Last Mile Logistics Explained

Published on
man and woman loading cargo van with boxes

One of the most important parts of the hauling process is the final step. For small businesses and consumers alike, it’s important to understand the options you have. Let’s learn about last-mile logistics here.

What Is Last-Mile Logistics?

After a product leaves the warehouse, it will go on a long journey and change hands multiple times. The whole shipping process takes time and there are many challenges along the way.

The final piece to the logistics puzzle is referred to as the final mile of delivery, or last-mile. This final step is what people look forward to the most—where they finally get their package on their front door. For most residential shipments like small parcels, companies like UPS or FedEx are the go-to. However, for some less-than-truckload (LTL) shipments, outsourced pickup trucks or cargo vans are often used.

When we’re talking about customers in this last mile, we’re also talking about small businesses. Final-mile logistics refers to products going to a customer’s front door. But for some business applications, the customers don’t need the product. The service provider does. For example, customers paying a roofing company for a new roof don’t need roofing materials—the roofing contractors do.

This could be considered a part of middle-mile logistics—cargo going from the distribution center to the retail center. However, for some deliveries, it’s the final mile.

The Last-Mile Problem

The final step in delivery often feels like the slowest. The package is out for delivery, but it feels like it takes all day. There’s a problem with this final step in the shipping process, and it’s so common that it's simply called “the last-mile problem”.
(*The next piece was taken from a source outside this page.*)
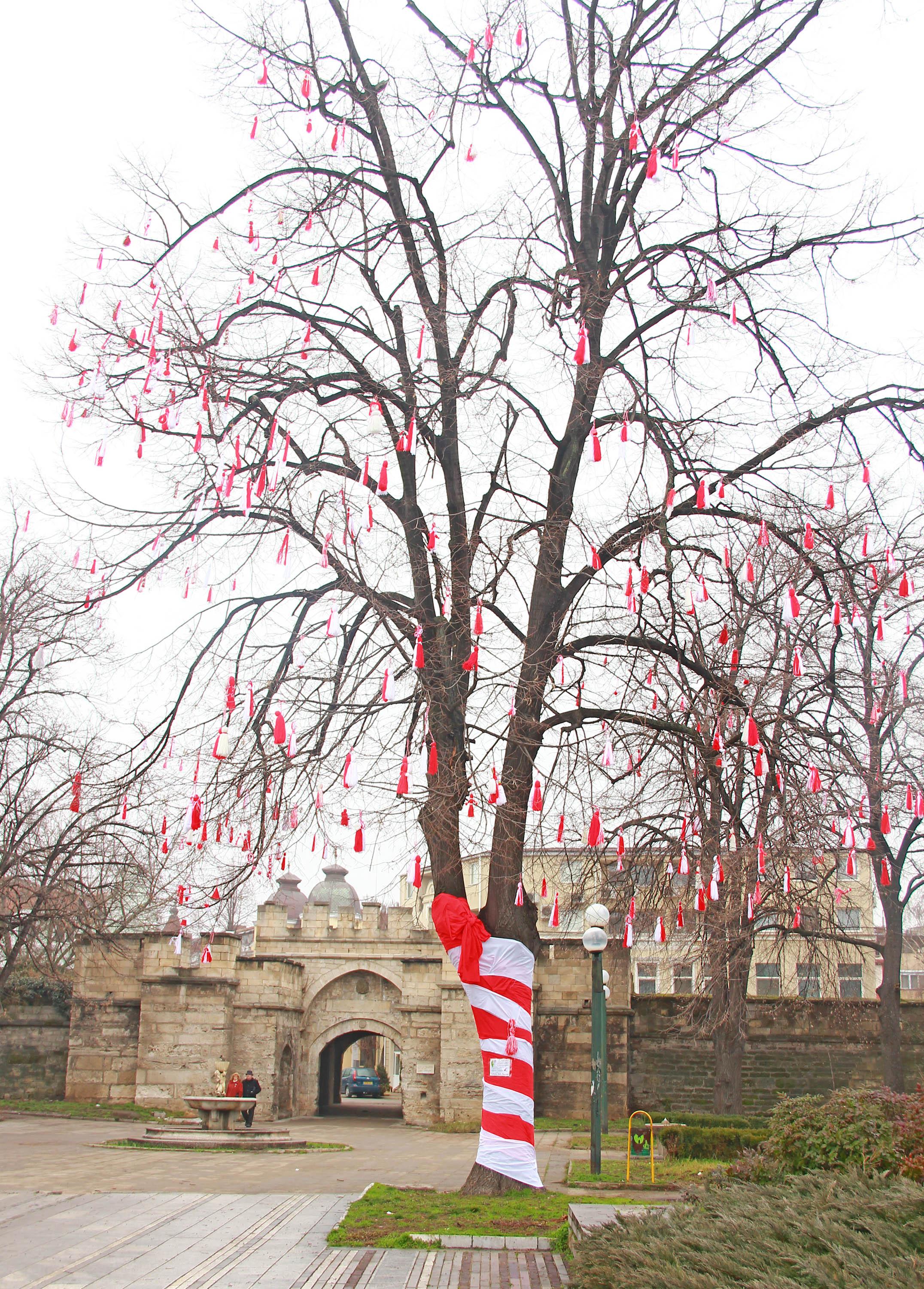 Видинчани украсиха дърво на Баба Марта в бяло и червено пред Стамбол капия в центъра на града с 70 мартеници.

This final step usually takes a long time, it’s not cost-effective, and it’s actually where the majority of hiccups occur.

The Time

The way last-mile logistics works is through fleet management. Shipping companies are required to conduct package organization, and route planning, and oversee the maintenance of every vehicle in their fleet. That’s a lot to manage, and each of those categories presents its challenges.

Even the best-planned routes have lots of stops with small amounts of packages. For residential customers, it’s normal to see delivery times between 9 am-6 pm. That’s a huge window and sometimes it’s not even accurate. This is also frustrating for delivery drivers. Lots of small drop stops mean they’ll have to be running a lot. 

Businesses with LTL shipments can expect the same large window but with expected delivery times ranging between multiple days. You can expect a shipment to come in one day, but there’s a good chance it won't.

Shaky delivery times can be frustrating at best and detrimental at worst. Late shipments can be annoying, but what’s even worse is when deliveries fail

There are a number of reasons why a delivery may not be able to be made: 

  • Inaccessible destination
  • Damaged packaging
  • Receiving the wrong item.

Each of these reveals supply chain issues that need to be solved.

The Cost

With the rise of Amazon Prime, customers expect to not pay for shipping. But because the supply chain is much more complex than it has ever been, shipments are more expensive. 

53% of shipping costs come from the list-mile of delivery. This final piece of getting a customer their shipment is typically the shortest distance traveled, but it costs the most. 

For businesses in rural areas, the cost can increase as well because their locations are typically “out of the way” from more centralized routes.

Solving the Last-Mile Problem

As people begin to notice the issues in the supply chain, businesses are starting to clean up their final-mile delivery processes. This benefits consumers and businesses. Open Road is one of the service providers working to meet the challenges of last-mile logistics.

Use a Hotshot Trucking to Get Your Materials Delivered

Hotshot drivers don’t have to wait in order to fill their trucks, and they don’t have to make a bunch of stops along the way. Most pickup trucks can haul LTL shipments. 

Certain online retailers are already implementing this. The “pickup in-store” option most retailers offer is very similar to independent hotshot drivers.

For small businesses, this option is cheaper and quicker. Instead of relying on unreliable shipping companies, hotshot drivers can get the job done quickly.

Turn to Streamlined Technology

Technology plays an important role in route planning and fleet management. Easy-to-use last-mile technology is an important aspect of a smooth shipping experience. The Open Road app eliminates some of the complicated inefficiencies of regular freight. It also cuts the fat and only includes people who need to be involved in the shipping process.

The only three people involved in Open Road’s process are the shipper, receiver, and driver. This means there’s a lower chance of complications during the process. This is a lot different than other common delivery options. Open Road lets businesses oversee the whole process including driver tracking. Reach out today to find solutions to your small business shipping needs.

Streamlining the processes for delivering LTL can solve several problems. The more inefficiencies that can be ironed out, the quicker, and better shipments will be. Some problems solved by having a streamlined last-mile process will include:

  • Package tracking and delay reporting
  • Communication with the driver
  • Efficient routes
  • Ensuring the safety of your materials
  • Adherence to deadlines

When Timing is Everything

Sometimes, your materials are nearby enough that it’s not worth the headache of delivery, but you can’t waste the day going to get it yourself. Open Road gives you the ability to ship your materials without having to wait for freight or other inconsistent delivery methods.